Human embryology and fertilisation bill

25 March 2008

This week has seen debates over whether Labour MPs should be entitled to a free vote, allowing them to vote against parts of the human embryology and fertilisation bill. The bill is designed to bring the 1990 regulatory framework for fertility treatment and embryo research in line with scientific advances.

This is a controversial area with strong views and beliefs from both sides of the argument. It is important that information on this subject is clearly presented. 

A contentious element of the bill is whether to allow the creation of hybrid animal-human embryos for use in medical research into treatments for diseases such as Parkinson's and Alzheimer's.  

To create these hybrids, the nucleus of the animal egg would be removed and then replaced with the nucleus of a human cell such as a skin cell.
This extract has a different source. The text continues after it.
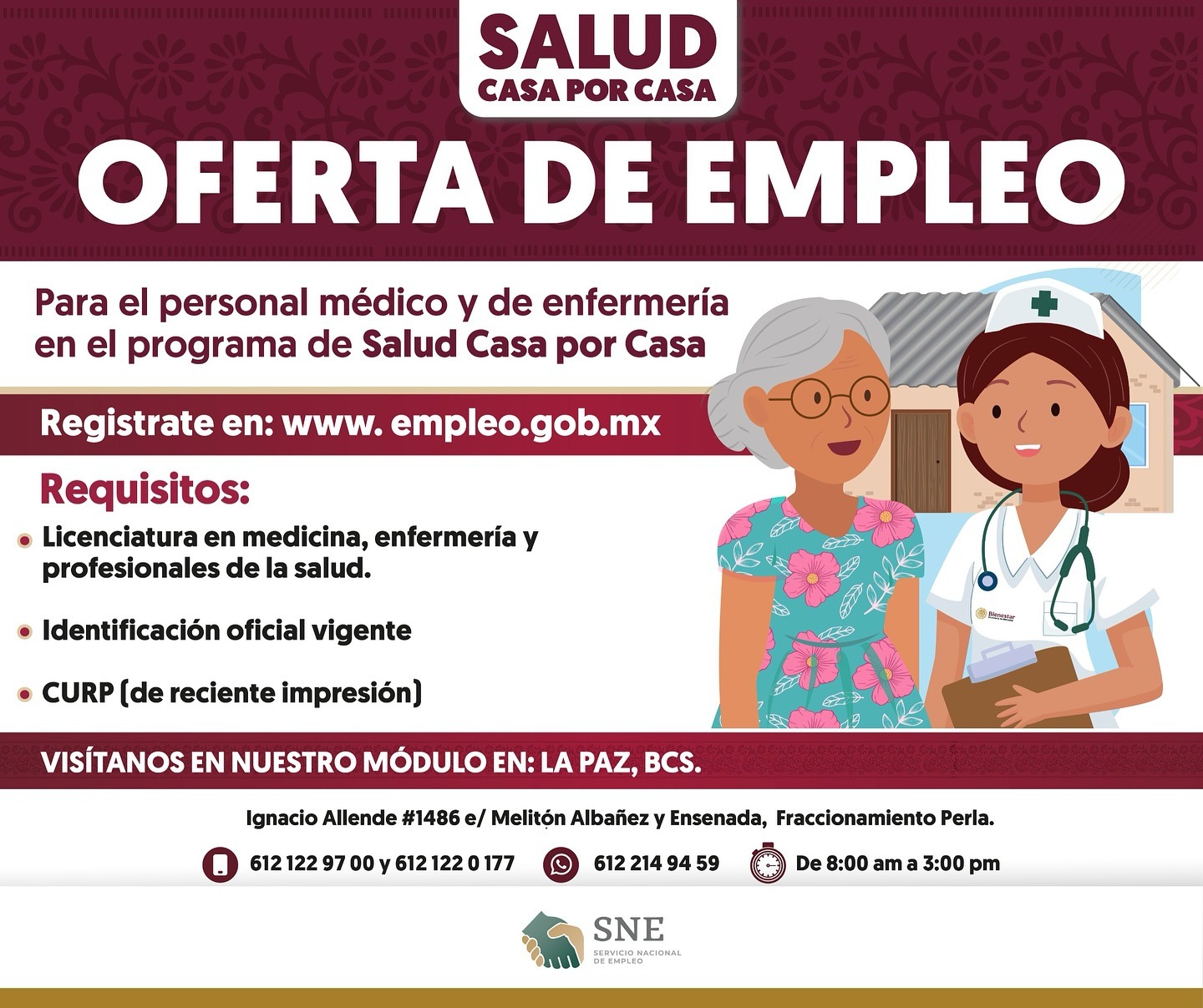 La Secretaría del Trabajo, Bienestar y Desarrollo Social (STByDS) a través del Servicio Nacional de Empleo de Baja California Sur (SNE-BCS) convoca a personal médico y de enfermería a participar en el programa “Salud Casa por Casa” que anunció recientemente la presidenta de México, Claudia Sheinbaum Pardo, para brindar atención médica a derechohabientes de Pensiones para el Bienestar de las Personas Adultas Mayores y con Discapacidad.

Animal eggs would primarily be used as a way of addressing the scarcity of human eggs available for research. 

The resulting hybrid embryo can be grown in the lab for a few days and harvested for stem cells. Stem cells are 'master' cells, which can develop into many different cell types. At the stage where stem cells are extracted the embryo is still just a microscopic cluster. 

If the original human cell nucleus that is inserted is from a donor with a disease such as Parkinson's, then the stem cells will also contain the same genetic defects. The stem cells can develop into different types of tissues and this allows scientists to study the disease processes. 

It also means that one day some stem cells may have the potential to be transplanted into patients as a cure for some diseases.